Papers in English

Seven new scientific papers published in August 2022 in peer-reviewed journals concerning Nutri-Score

The influence of the Nutri-Score on the perceived healthiness of foods labelled with a nutrition claim of sugar.
Jürkenbeck K, Mehlhose C, Zühlsdorf A.
PLoS ONE 17(8): e0272220.
https://doi.org/10.1371/journal.pone.0272220
https://journals.plos.org/plosone/article?id=10.1371/journal.pone.0272220

Abstract

High sugar intake in humans is associated with the development of overweight and other diet-related diseases. The World Health Organization and other health organizations recommend limiting the sugar intake to 10% of the total energy intake. There have been different approaches of front-of-pack labelling to reduce the amount of sugar in food products. Companies use nutrition claims to advertise the sugar content (e.g., without added sugar, 30% less sugar). Such nutrition claims can lead to false assumptions about the healthiness of foods and can lead to health-halo effects. Nutrition claims make products appear healthier than they really are, the aspect advertised in the nutrition claim is transferred to the entire food product. As a result, food products can be perceived as healthy even though they are not. Recently, the Nutri-Score was introduced in an increasing number of countries throughout Europe to provide consumers with an overview of the overall nutritional quality of a product. This study analyzes if the Nutri-Score can help to prevent health-halo effects caused by nutrition claims on sugar.
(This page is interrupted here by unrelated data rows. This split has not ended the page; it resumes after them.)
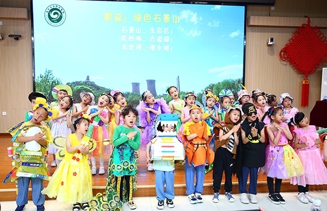 此外,九中教育集團所屬的首鋼幼教金頂街園等幼兒園的孩子們上演了精彩的“幼兒生態(tài)保護時裝秀”。他們身穿利用生活廢棄物品精心制作成各種造型的服裝,巧妙傳遞出了“變廢為寶”的環(huán)保理念。歌謠表演《綠色石景山》也為孩子們上了一堂生動的爭做環(huán)保小衛(wèi)士、友愛相伴小動物的課程。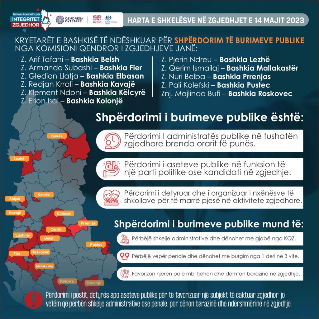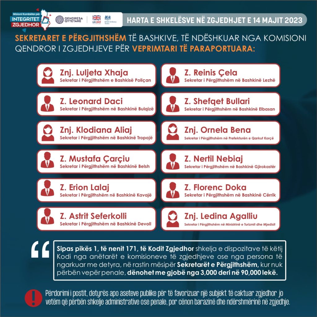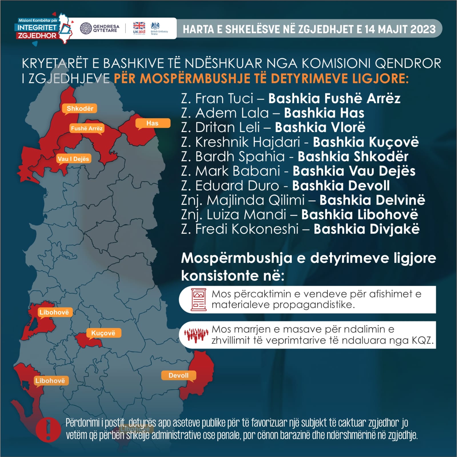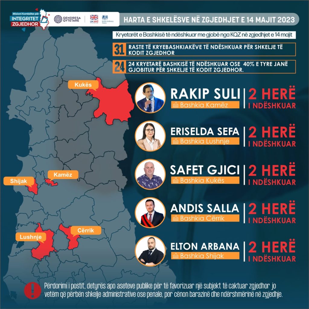 5 nga 22 Kryetarët apo ish-kryetarët e ndëshkuar të Bashkive rezultojnë të kërkojnë perseritjen e shkeljeve të tyre, madje disa nga këto subjekte aktualisht gëzojnë pozitën e personit nën hetim për vepra të ndryshme penale, ose statusin e të pandehurit apo të dënuarit. Ky fakt shton dhe më shumë dyshimet se këto subjekte, nuk kanë respektuar dispozitat e Kodit Zgjedhor në të njëjtën mënyrë sikundër nuk kanë respektuar legjislacionin në fuqi për veprat penale për të cilat janë nën hetim apo akuzohen të kenë kryer.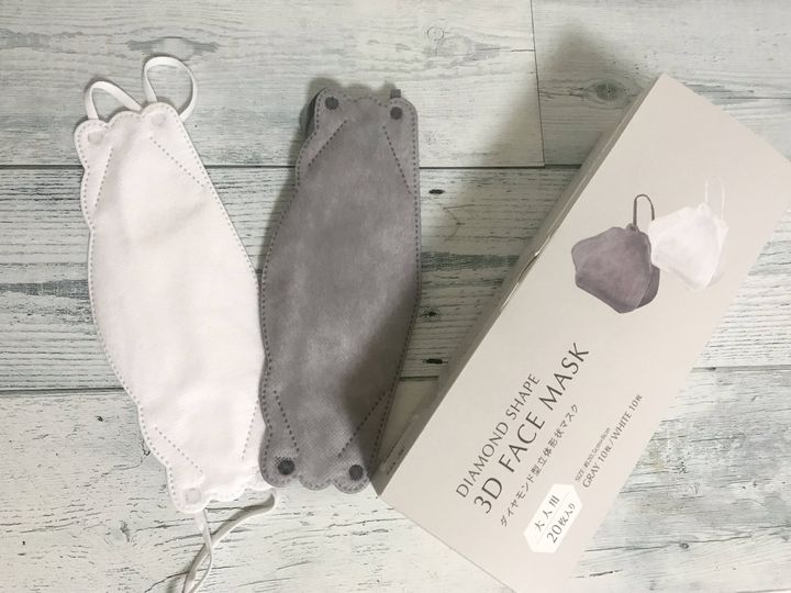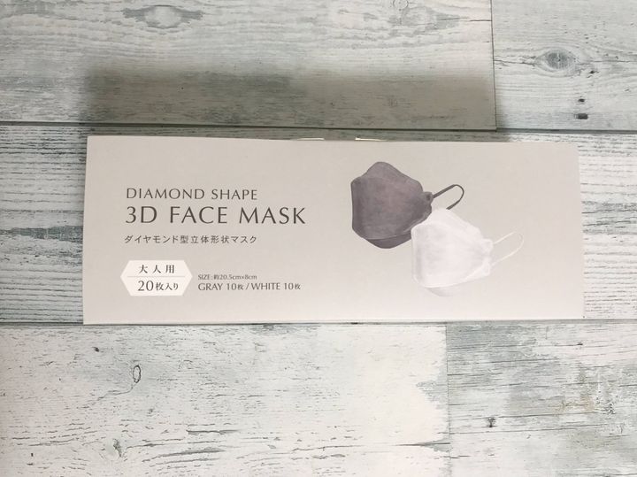 「ダイヤモンド型立体形状マスク 20枚入り」(330円)は人気のダイヤモンド型の3Dマスクです。まだまだマスクが手放せないご時世、毎日使うものはコスパ良く、快適に使えるものがいいですよね。このダイヤモンド型立体形状マスクはそんな願いをかなえてくれます。
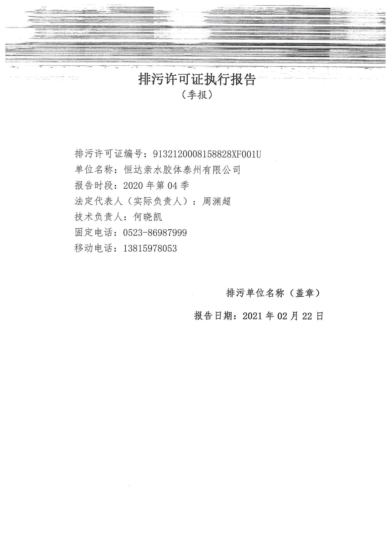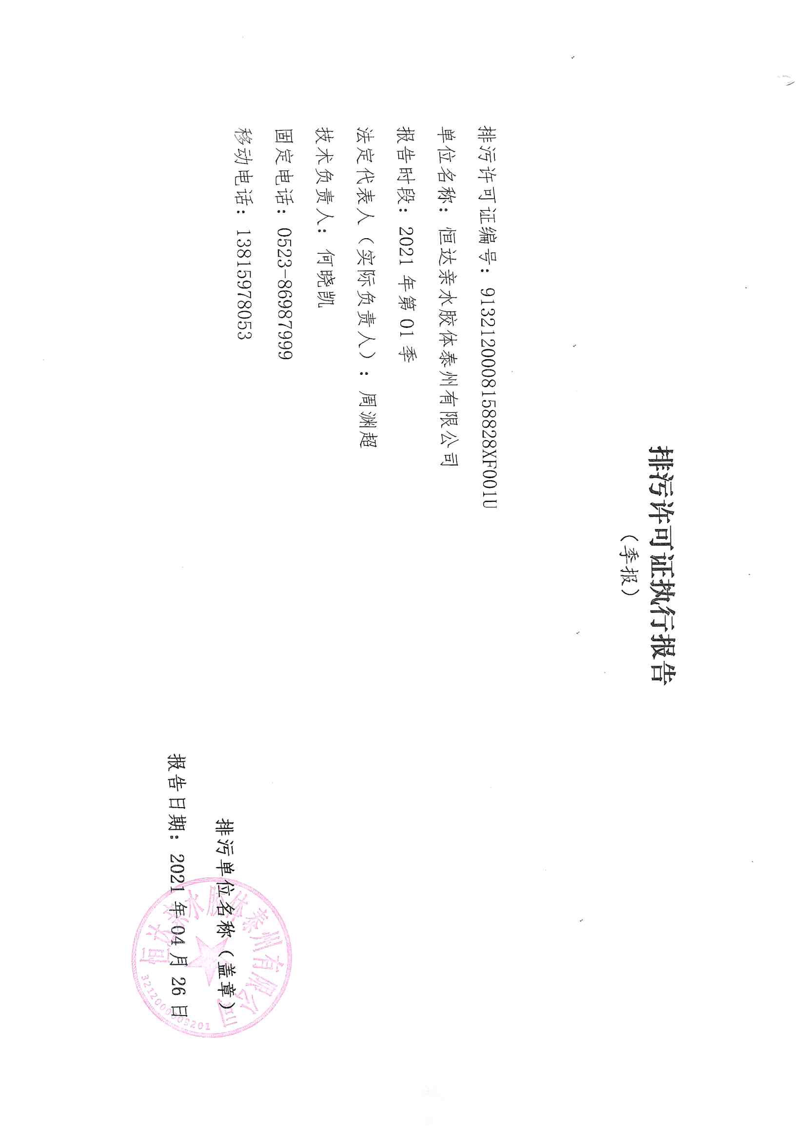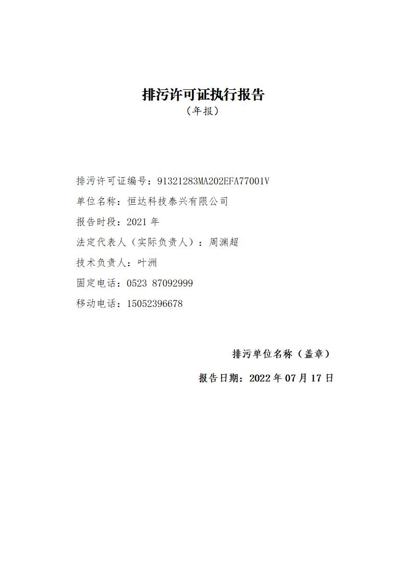 恒達(dá)科技泰興有限公司-2021年排污許可證執(zhí)行報(bào)告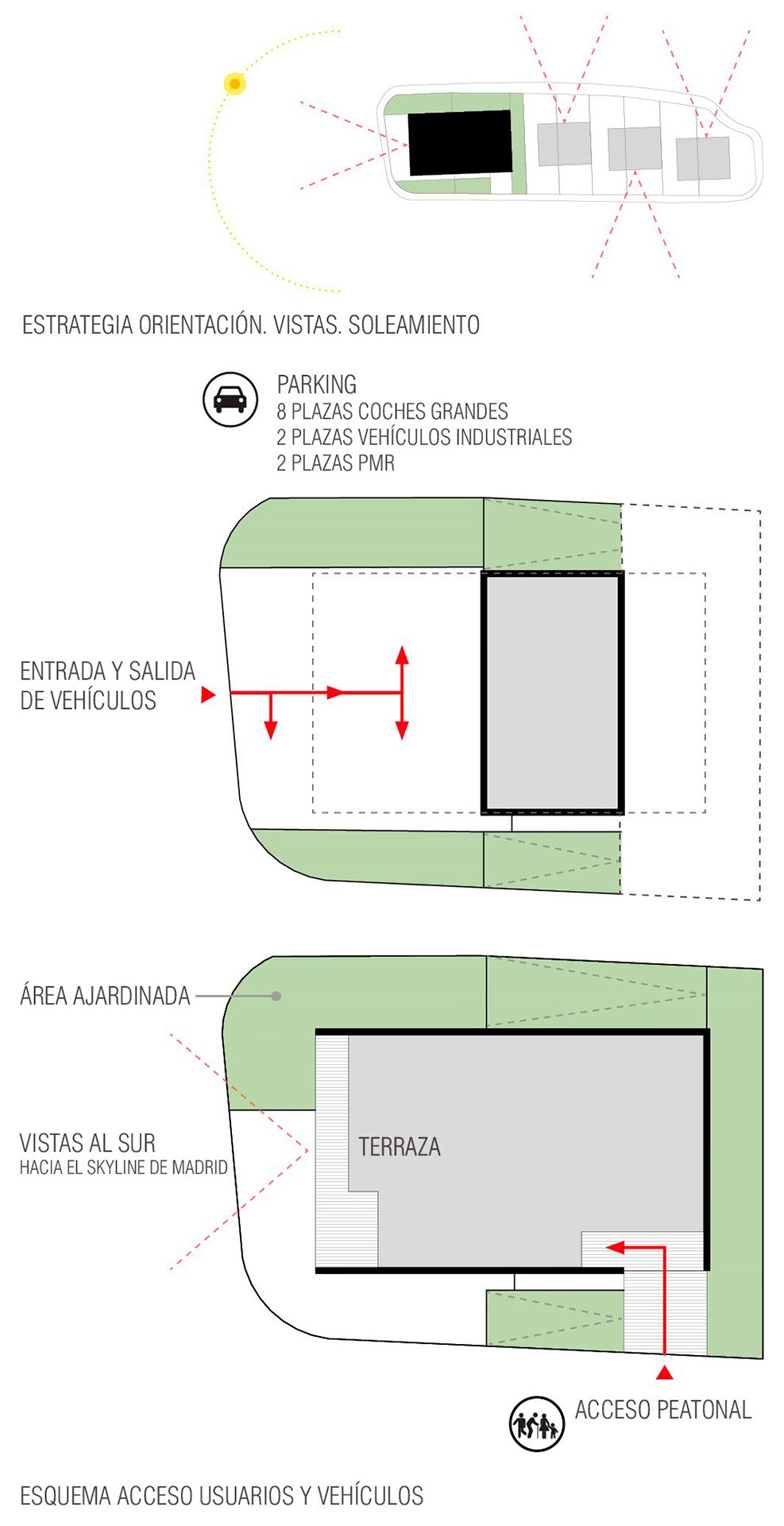 Esta situación proporciona frentes a tres calles con una clara orientación norte-sur en su eje longitudinal, por lo que resulta conveniente orientar el edificio en esa dirección para responder, además de a las condiciones urbanas, mostrando su vocación pública, a las condiciones de soleamiento y hacia la visión lejana de la silueta de Madrid, con sus cuatro torres al fondo.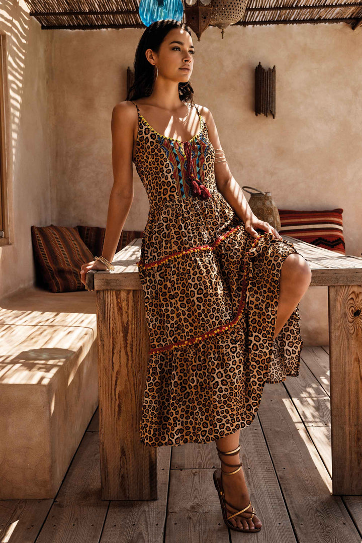 Show off your boldness with the Carrie Leopard Print Straps Dress . Featuring a longline design and an adjustable tie-neckline with tassels, bring your passion to the forefront. The ruffled skirt and straps add a touch of style, while the leopard pattern brings a wild energy to your outfit. Combine fashion with adventure!

Therefore, an online survey consisting of a split-sample design with more than 1,000 respondents was assessed. The results show that, depending on the initial perceived healthiness of a product, the Nutri-Score is able to prevent health-halo effects caused by claims on sugar. Making the Nutri-Score mandatory when using nutrition claims would be one possible way to reduce misperceptions about unhealthy food and reduce health-halo effects caused by claims on sugar.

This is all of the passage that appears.